Nutrition and the Low-Income Diet

Last month, we had the opportunity to connect with a partner dedicated to meeting the nutritional needs of low-income families via supplemental food programs. After doing some research, nutrition is now a key pillar in the reFUEL product.

After reading a thesis by a master’s degree student at Arizona State University, we find the following facts both relevant and noteworthy.

Many food bank clients are not currently meeting their personal nutrition goals set by ChooseMyPlate.gov.

Why does this matter? Low-income families or families in crisis seek food in a number of ways. Through the SNAP program, through supplemental food programs like food pantries and school backpack programs, and through local grocery options. If the food provided to families through supplemental and emergency programs is not nutrient dense, families will not meet their nutritional requirements. Many families lack access to dairy, fruits, and vegetables.

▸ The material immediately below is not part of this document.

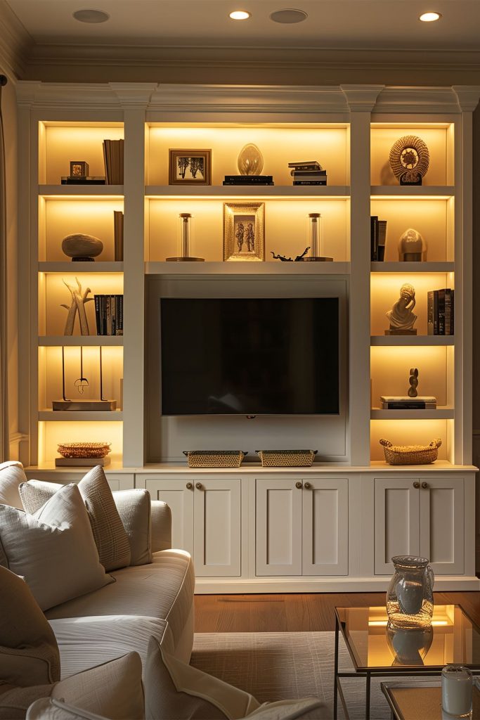 Illuminate built-in cabinets, shelves, or display cases with under cabinet lighting to showcase decor items and create ambiance.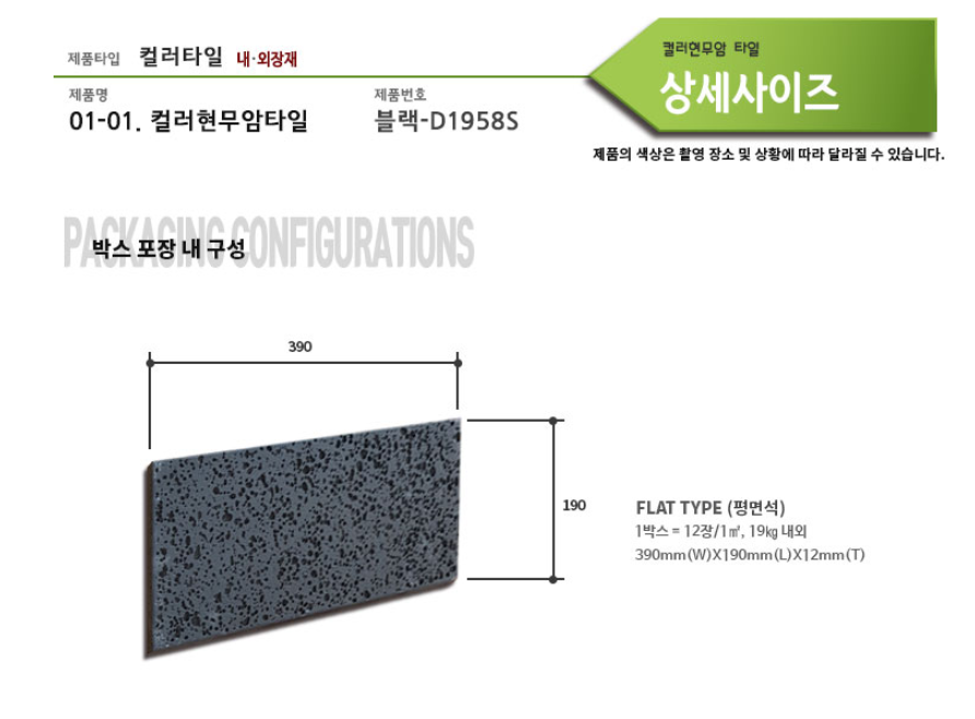 컬러현무암타일 블랙 SIZE : 390 x 190 x 15T m²/12장 1박스당 / 12장 / 20kg / 0.98m² (줄눈15mm기준) 10여 가지의 메지(줄눈시멘트) 칼라로 다양한 시공패턴 연출, 메지(줄눈시멘트) 차이로 다른 분위기를 냅니다.

Food insecurity is associated with a number of related diseases including diabetes, heart disease, high blood pressure and obesity. (Hoisington et al., 2011)

reFUEL wants to assure we meet our families nutritional needs to curb the chance of these chronic diseases.

A number of studies have shown a link between hunger and obesity, a phenomenon called the hunger-obesity paradox.

Not only are the intake of calories important for all families, but the intake of a variety of nutritious, quality foods are just, if not more important than meeting caloric suggestions. Kids without access to nutritious foods can suffer from lower grades, anxiety and irritability making learning more challenging than their more affluent peers.

reFUEL will work to assure our clients have a variety of nutrient-dense foods to supplement their household groceries.